The high number of hybrids consistent with F1 hybridization suggests that, overall, recent hybrid grape breeding has not followed standard breeding practices that aim to introgress desirable traits from wild species by repeatedly backcrossing to elite germplasm. Alternatively, because breeders often target numerous traits for introgression from the wild, the optimal V. vinifera content may be lower than the desired elite content in other crops. Ultimately, the crucial factor will be which desirable parts of each ancestral genome are captured, rather than the final V. vinifera percentage.
One instance where repeated backcrossing to V. vinifera has been exploited is in the development of Pierce’s disease (PD) resistant wine grapes by tracking PD resistance alleles from the wild species V. arizonica through MAS [43]. Seedlings resistant to PD were repeatedly backcrossed to V. vinifera, resulting in progeny with 97 % V. vinifera ancestry in the fifth generation, a value much higher than any estimates of commercial cultivars examined in this study [44]. There are many more opportunities for desirable traits, such as cold hardiness, to be introgressed from wild Vitis species into novel elite cultivars [45].
The use of molecular markers can also allow breeders to introgress multiple resistance genes into a single variety, a process called pyramiding [46]. ‘Regent’ is a cross between ‘Diana’, a V. vinifera variety, and the hybrid grape ‘Chambourcin’, which has 46 % V. vinifera ancestry according to our work. Based on these values, the expected V. vinifera ancestry of ‘Regent’ is approximately 73 %, and our estimate is 68 %. The complex pedigree of ‘Regent’ enabled the introgression of mildews and botrytis disease resistance from several Vitis species as well as high frost tolerance and early maturity [47]. In 2013, ‘Regent’ ranked 12th in Germany according to total acreage [48]. Recently, 'Regent' was crossed with VHR 3082-1-42 (Muscadinia rotundifolia x V. vinifera, then backcrossed four times with V. vinifera) to successfully combine powdery and downy mildew resistance genes into a single variety whose ancestry likely exceeds 80 % V. vinifera [49].

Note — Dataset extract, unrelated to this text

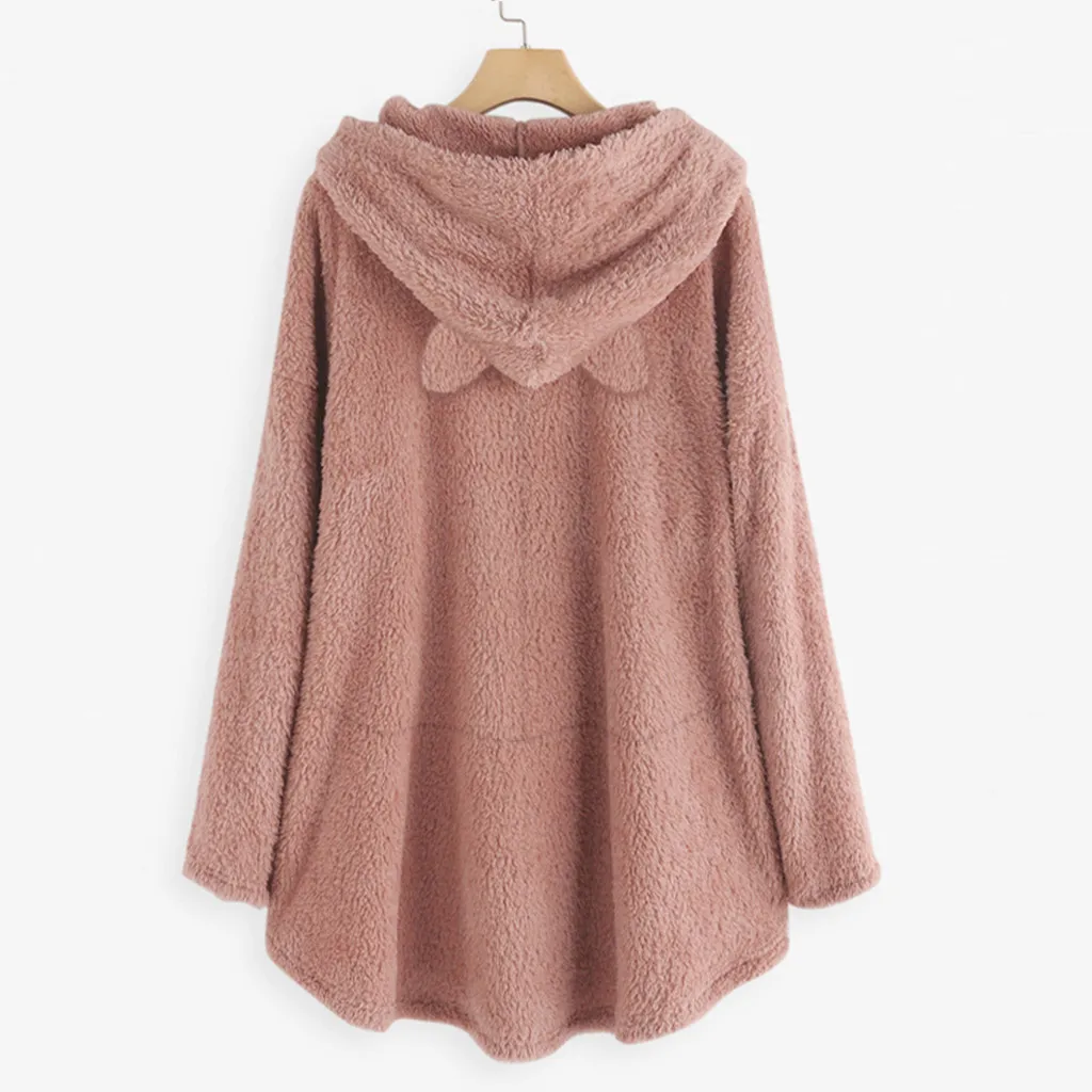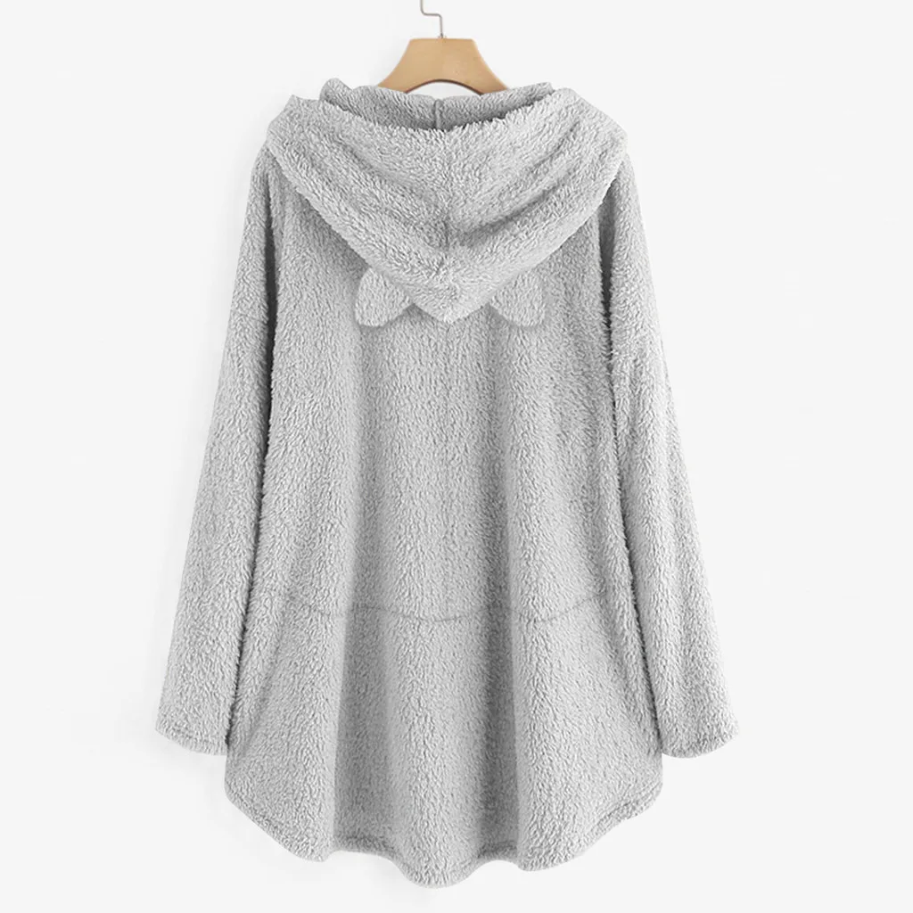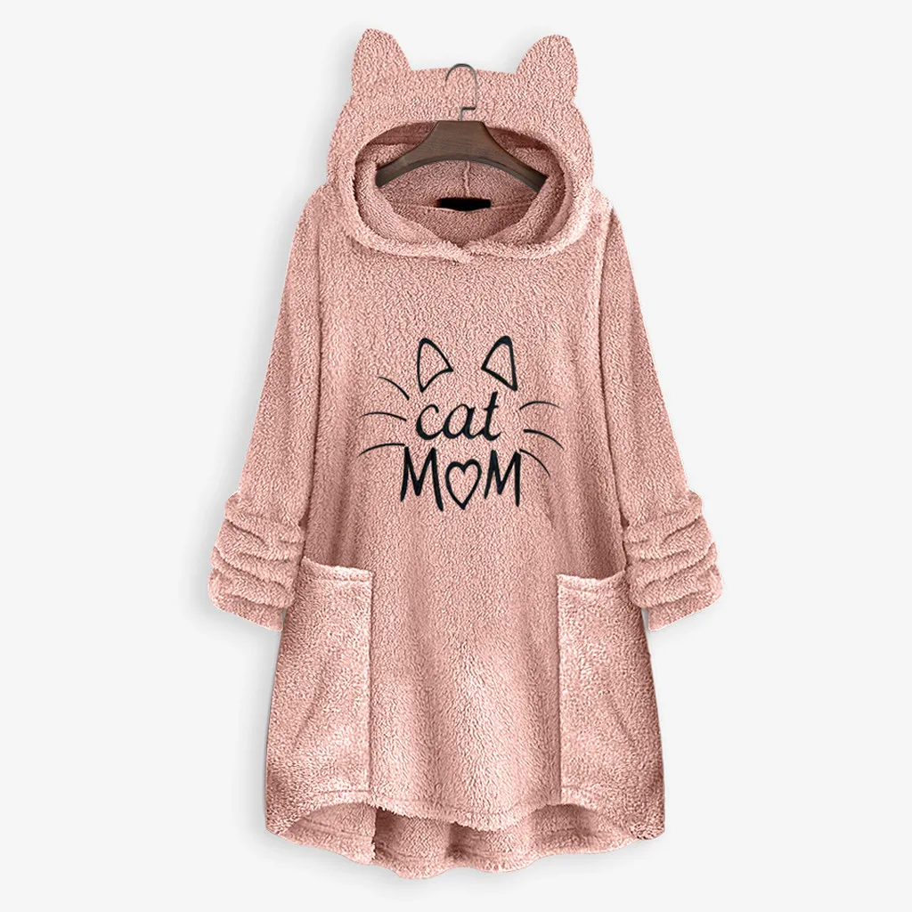 Женский флисовый свитер с вышивкой кошачьими ушками большого размера с капюшоном и карманом

The Institute for Grapevine Breeding Geilweilerhof, which developed ‘Regent’, bred 6 of the 7 cultivars with the highest V. vinifera content in our study (Fig. 3b). Thus, some breeders have produced hybrids with a high percentage of V. vinifera ancestry while retaining desirable characteristics from wild species. However, the overall lack of evidence for repeated backcrossing to V. vinifera in hybrid grape breeding indicates that grape breeders have yet to fully exploit the potential of combining key traits from wild species into novel cultivars with high V. vinifera content.